• How to complete this task:
The pictures are to be left out when the listing below is reproduced word for word.

• Source data:
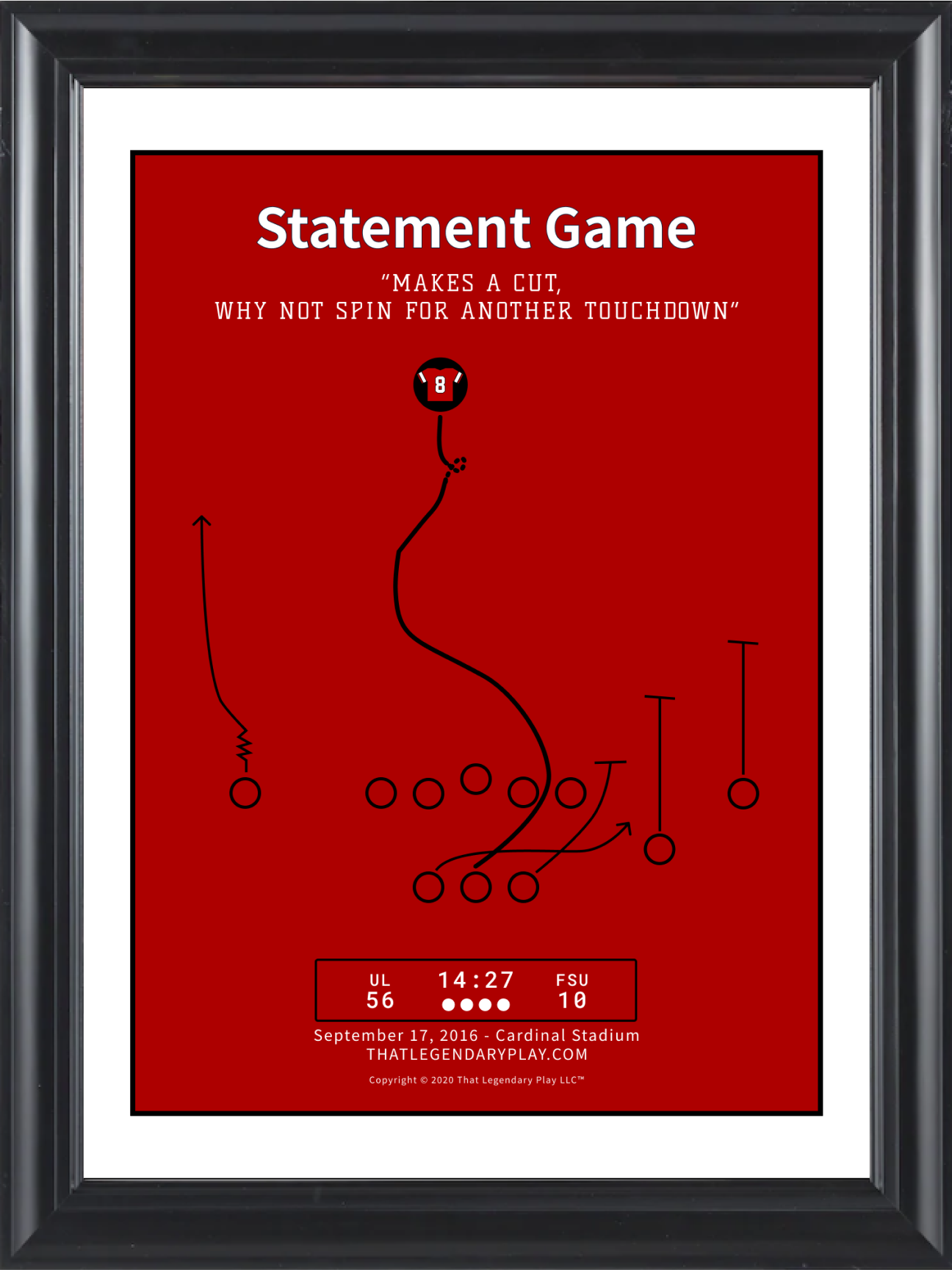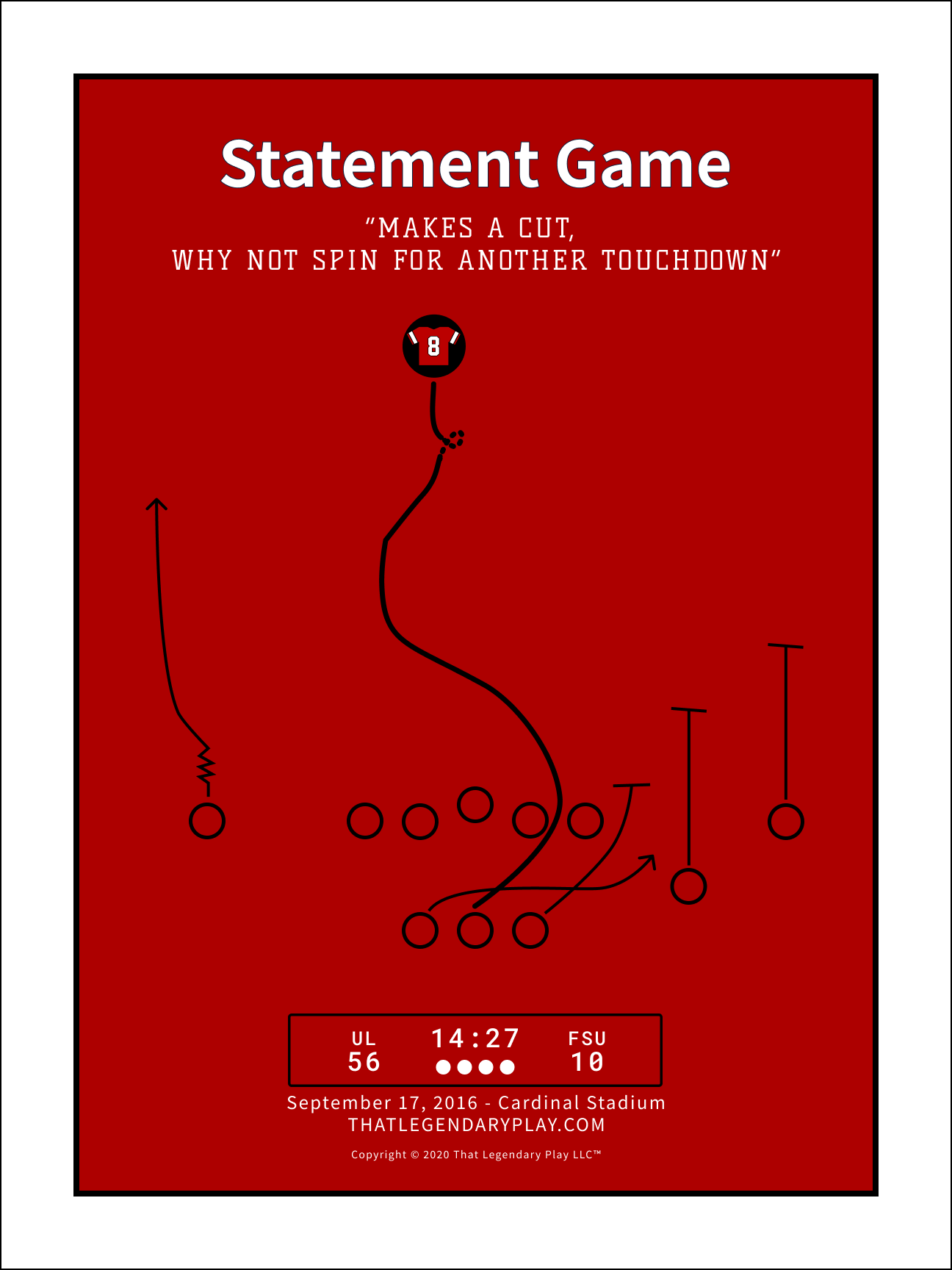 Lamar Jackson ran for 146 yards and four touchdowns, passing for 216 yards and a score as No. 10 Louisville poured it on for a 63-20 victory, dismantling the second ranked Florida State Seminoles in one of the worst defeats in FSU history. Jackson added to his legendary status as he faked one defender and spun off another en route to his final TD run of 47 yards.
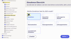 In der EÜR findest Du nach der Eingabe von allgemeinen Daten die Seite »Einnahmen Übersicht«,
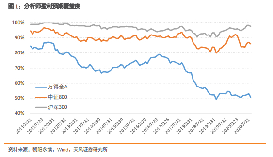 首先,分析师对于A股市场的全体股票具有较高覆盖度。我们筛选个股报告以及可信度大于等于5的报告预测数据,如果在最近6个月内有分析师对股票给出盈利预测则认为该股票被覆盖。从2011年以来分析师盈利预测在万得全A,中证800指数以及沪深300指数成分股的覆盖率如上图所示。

• Output:
 Lamar Jackson ran for 146 yards and four touchdowns, passing for 216 yards and a score as No. 10 Louisville poured it on for a 63-20 victory, dismantling the second ranked Florida State Seminoles in one of the worst defeats in FSU history. Jackson added to his legendary status as he faked one defender and spun off another en route to his final TD run of 47 yards.
 In der EÜR findest Du nach der Eingabe von allgemeinen Daten die Seite »Einnahmen Übersicht«,
 首先,分析师对于A股市场的全体股票具有较高覆盖度。我们筛选个股报告以及可信度大于等于5的报告预测数据,如果在最近6个月内有分析师对股票给出盈利预测则认为该股票被覆盖。从2011年以来分析师盈利预测在万得全A,中证800指数以及沪深300指数成分股的覆盖率如上图所示。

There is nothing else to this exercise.